Expecting people to be on time is part of ‘white supremacy culture,’ Duke Medical School claims

Duke Medical School claims it is “white supremacy culture” to expect people of color to be on time in a strategic plan for creating an “anti-racist workforce.”

The medical school said its goal is to “catalyze anti-racist practice through education” in a 2021 plan titled “Dismantling Racism and Advancing Equity, Diversity and Inclusion in the School of Medicine.” The guide — praised by the school’s dean — called out what it deemed “white supremacy culture,” with its purported nitpicking about being on time, dress code, speech and work style. It also contains a series of negative terminology vis-à-vis white culture.

“White supremacy culture is the idea (ideology) that White people and the ideas, thoughts, beliefs, and actions of white people are superior to People of Color and their ideas, thoughts, beliefs and actions,” the document stated.
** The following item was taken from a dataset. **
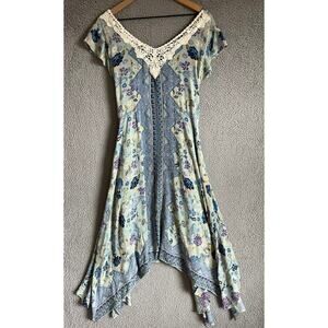 Lola P. Midi Handkercheif Hem Dress Large Boho Floral Lace Artsy Beach Blue

The document stated that America is rigged for the interests of white people, who get privileges, i.e., the “unquestioned and unearned set of advantages, entitlements, benefits and choices bestowed on people solely because they are White.”

“In the workplace, white supremacy culture explicitly and implicitly privileges whiteness and discriminates against non-Western and non-white professionalism standards related to dress code, speech, work style, and timeliness,” the document said. “Some identifiable characteristics of this culture includes perfectionism, belief that there’s only one right way, power hoarding, individualism, sense of urgency and defensiveness.”

DiAngelo argues that many white people have a limited understanding of racism as a systemic issue and often react defensively when their racial privilege or purported unconscious biases are highlighted.

Some advocates for DEI and racial equity have embraced notions that professionalism is racially biased.

According to an article published in the Stanford Social Innovation Review, “timeliness” is a product of capitalism and “professionalism… centers productivity over people, values time commitments, accomplishes tasks in a linear fashion, and often favors individuals who are white and Western.”

An article from the UCLA Law Review, published in 2023, calls professionalism a “racial construct.”